* _Exercise instructions_: In the copy, keep the lines from the first line of the material below through the line containing "12 Pcs Christmas" exactly as they are, and include no pictures.

* _Information provided_:
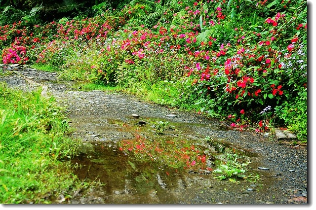 08:48 停車處出發(桶后越嶺0k指標),天氣不是很好,希望不要遇上下雨。桶后越嶺道很美,沿著桶后溪而行,野花處處。
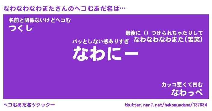 | 2回繰り返すあだ名 | 『なわなわ』『ななわわ』『あんあん』 |
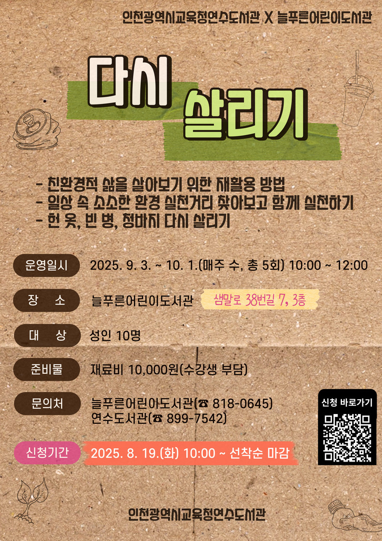신청은 8월 19일(화) 오전 10시부터 연수도서관 누리집(평생학습 → 온라인접수)에서 선착순으로 가능하다.
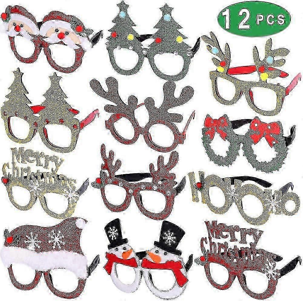 12 Pcs Christmas Glasses Glitter Party Glasses Frames Christmas Decoration Costume Eyeglasses For Christmas Parties Holiday Favors Photo Booth 2025
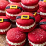 Delight in these festive Santa Claus Macarons featuring delicate red almond meringue shells, decorated with royal icing to create Santa’s iconic belt and buckle, and filled with a luscious sugar cookie buttercream enriched with toasted coconut. A perfect holiday treat combining classic French macaron technique with seasonal charm.

* _Reply_:
 08:48 停車處出發(桶后越嶺0k指標),天氣不是很好,希望不要遇上下雨。桶后越嶺道很美,沿著桶后溪而行,野花處處。
 | 2回繰り返すあだ名 | 『なわなわ』『ななわわ』『あんあん』 |
신청은 8월 19일(화) 오전 10시부터 연수도서관 누리집(평생학습 → 온라인접수)에서 선착순으로 가능하다.
 12 Pcs Christmas Glasses Glitter Party Glasses Frames Christmas Decoration Costume Eyeglasses For Christmas Parties Holiday Favors Photo Booth 2025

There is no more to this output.